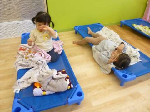 起きる時間になり先生が「おはよう🌞」とカーテンを開けると、ぞくぞくと目を開けます👀
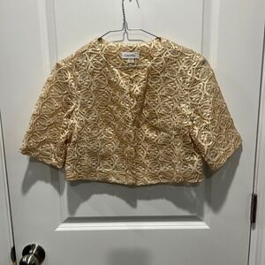 Calvin Klein Women Gold Sequin Lace Cropped Bolero Jacket Size S
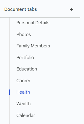 The Familex Registry template is made up of 15 sections. You can use the tabs/quick links to browse and navigate to each section.
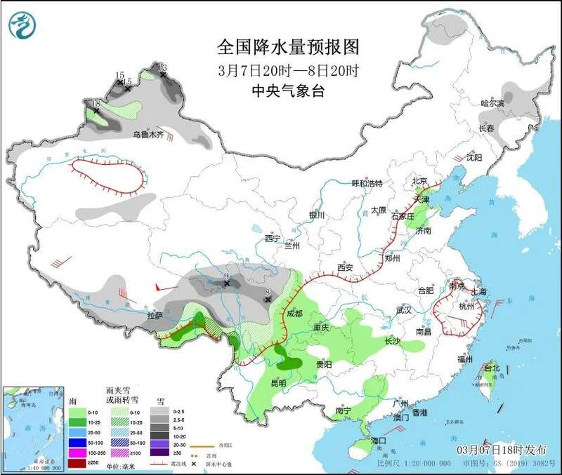 东北地区东部、新疆北部、西藏东部和南部、青海南部、川西高原、云南西北部等地部分地区有小到中雪或雨夹雪,其中,新疆北部阿勒泰山区和塔城及伊犁河谷高海拔山区、西藏东部、川西高原中部等地部分地区有大到暴雪。西藏东南部、华北东南部、西南地区东部、江南西部、华南西部、海南岛、台湾岛等地部分地区有小到中雨。
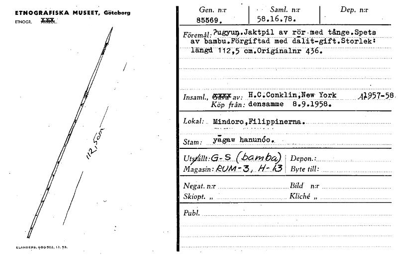 ELANDE/25. GBG 502. 1.53. Depon.: Byte till: - Stam: yagaw hanuncio Föremål: .Jaktpil av rör • med tånge 'Spets ?u Krm> av bambu.Förgiftad med dilit-gift . Storlek langd 112,5 cm.Originalnr 436. ~ av: H.0 4onklin;New York Insaml., .4957-58, Köp från: densamme 8.9.1958. Lokal: Mindoro ,Filippinerna. ut,Ant:G- S Magasin: te0M-5, H- /.3 Negat. n:r Bild. n:r Skiopt. „ Kliché „ Publ. ETNOGRAFISKA MUSEET, Göteborg ETNOGR. Gen. n:r 85569. • Sam!. n:r 58.16.78. Dep. n:r [ocr]
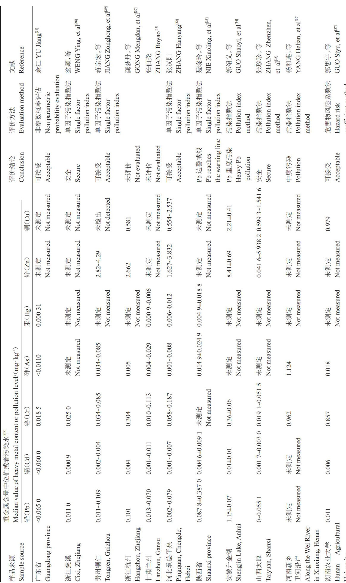 摘要:为探究设施菜地表层( 0~20cm. 土壤重金属的污染程度及对人体造成的健康风险,本试验选取陕西省典型的设施蔬菜种植区(泾阳县、三原县、富平县和高陵区),采用内梅罗综合污染指数法、潜在生态风险指数法及健康风险评估模型,开展土壤重金属污染评估和健康风险评估。结果表明,研究区表层土壤8项重金属Cd、As、Pb、Cr、Cu、Zn.Ni.Mn 的含量皆高于背景值。Cd、As含量均超出风险筛选值,Cd、As综合污染指数评价均为轻污染,其余重金属均为安全等级。研究区综合潜在生态风险指数为127.34,为低生态风险。随着种植年限的延长,研究区表层土壤重金属的含量存在差异,整体呈增加趋势。相关性分析和主成分分析结果表明研究区设施菜地 Cu,Zn,Pb,Cd 来自农业投入品,Ni和Cr为自然源,As有以上2种来源。研究区土壤重金属对人体不存在非致癌健康风险,存在可接受范围内的致癌风险,Cr和As对人体健康风险的贡献率最大。
===
** What this task involves **
Without including the pictures, reproduce all entries exactly.

** Exercise solution **
 起きる時間になり先生が「おはよう🌞」とカーテンを開けると、ぞくぞくと目を開けます👀
 Calvin Klein Women Gold Sequin Lace Cropped Bolero Jacket Size S
 The Familex Registry template is made up of 15 sections. You can use the tabs/quick links to browse and navigate to each section.
 东北地区东部、新疆北部、西藏东部和南部、青海南部、川西高原、云南西北部等地部分地区有小到中雪或雨夹雪,其中,新疆北部阿勒泰山区和塔城及伊犁河谷高海拔山区、西藏东部、川西高原中部等地部分地区有大到暴雪。西藏东南部、华北东南部、西南地区东部、江南西部、华南西部、海南岛、台湾岛等地部分地区有小到中雨。
 ELANDE/25. GBG 502. 1.53. Depon.: Byte till: - Stam: yagaw hanuncio Föremål: .Jaktpil av rör • med tånge 'Spets ?u Krm> av bambu.Förgiftad med dilit-gift . Storlek langd 112,5 cm.Originalnr 436. ~ av: H.0 4onklin;New York Insaml., .4957-58, Köp från: densamme 8.9.1958. Lokal: Mindoro ,Filippinerna. ut,Ant:G- S Magasin: te0M-5, H- /.3 Negat. n:r Bild. n:r Skiopt. „ Kliché „ Publ. ETNOGRAFISKA MUSEET, Göteborg ETNOGR. Gen. n:r 85569. • Sam!. n:r 58.16.78. Dep. n:r [ocr]
 摘要:为探究设施菜地表层( 0~20cm. 土壤重金属的污染程度及对人体造成的健康风险,本试验选取陕西省典型的设施蔬菜种植区(泾阳县、三原县、富平县和高陵区),采用内梅罗综合污染指数法、潜在生态风险指数法及健康风险评估模型,开展土壤重金属污染评估和健康风险评估。结果表明,研究区表层土壤8项重金属Cd、As、Pb、Cr、Cu、Zn.Ni.Mn 的含量皆高于背景值。Cd、As含量均超出风险筛选值,Cd、As综合污染指数评价均为轻污染,其余重金属均为安全等级。研究区综合潜在生态风险指数为127.34,为低生态风险。随着种植年限的延长,研究区表层土壤重金属的含量存在差异,整体呈增加趋势。相关性分析和主成分分析结果表明研究区设施菜地 Cu,Zn,Pb,Cd 来自农业投入品,Ni和Cr为自然源,As有以上2种来源。研究区土壤重金属对人体不存在非致癌健康风险,存在可接受范围内的致癌风险,Cr和As对人体健康风险的贡献率最大。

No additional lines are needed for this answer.